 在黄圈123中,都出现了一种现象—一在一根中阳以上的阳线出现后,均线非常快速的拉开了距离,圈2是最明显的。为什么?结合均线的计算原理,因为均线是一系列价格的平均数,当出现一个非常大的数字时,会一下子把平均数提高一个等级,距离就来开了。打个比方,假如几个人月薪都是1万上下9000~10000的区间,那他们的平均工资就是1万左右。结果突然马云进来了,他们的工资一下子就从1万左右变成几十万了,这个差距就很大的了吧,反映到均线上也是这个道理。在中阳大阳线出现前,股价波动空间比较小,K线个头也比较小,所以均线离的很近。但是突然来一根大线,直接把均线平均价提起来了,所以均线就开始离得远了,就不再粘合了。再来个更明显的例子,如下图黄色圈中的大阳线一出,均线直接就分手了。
* * *
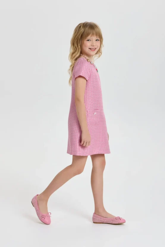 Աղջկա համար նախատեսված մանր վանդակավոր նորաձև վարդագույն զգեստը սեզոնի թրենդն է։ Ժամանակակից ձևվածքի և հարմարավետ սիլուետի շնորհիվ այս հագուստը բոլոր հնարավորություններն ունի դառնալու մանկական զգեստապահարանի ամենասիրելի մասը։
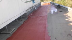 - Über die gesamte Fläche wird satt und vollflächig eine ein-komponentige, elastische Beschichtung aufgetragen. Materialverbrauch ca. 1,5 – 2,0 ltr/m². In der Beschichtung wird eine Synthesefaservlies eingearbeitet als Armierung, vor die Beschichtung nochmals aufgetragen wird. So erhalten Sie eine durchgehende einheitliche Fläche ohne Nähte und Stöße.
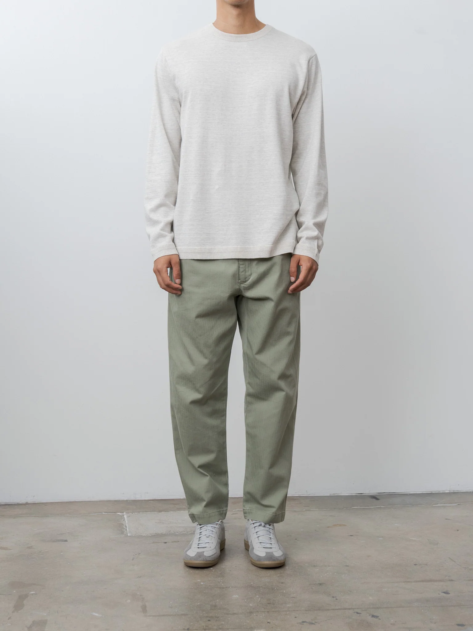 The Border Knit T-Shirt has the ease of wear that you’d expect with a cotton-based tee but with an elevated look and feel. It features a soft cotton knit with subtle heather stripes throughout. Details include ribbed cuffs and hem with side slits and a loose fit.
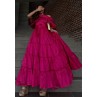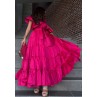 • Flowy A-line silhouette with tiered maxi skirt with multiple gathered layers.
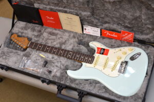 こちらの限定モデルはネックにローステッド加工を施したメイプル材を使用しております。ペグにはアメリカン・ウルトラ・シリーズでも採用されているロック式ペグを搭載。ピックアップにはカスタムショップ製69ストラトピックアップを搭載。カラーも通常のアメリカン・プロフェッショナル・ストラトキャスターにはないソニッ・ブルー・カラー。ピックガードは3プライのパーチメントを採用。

**Assignment**
Taking the material above, give again exactly the lines from the one holding "multiple gathered layers." through the one holding "こちらの限定モデルはネックに", with both ends and without pictures.

**Solution for this exercise**
 • Flowy A-line silhouette with tiered maxi skirt with multiple gathered layers.
 こちらの限定モデルはネックにローステッド加工を施したメイプル材を使用しております。ペグにはアメリカン・ウルトラ・シリーズでも採用されているロック式ペグを搭載。ピックアップにはカスタムショップ製69ストラトピックアップを搭載。カラーも通常のアメリカン・プロフェッショナル・ストラトキャスターにはないソニッ・ブルー・カラー。ピックガードは3プライのパーチメントを採用。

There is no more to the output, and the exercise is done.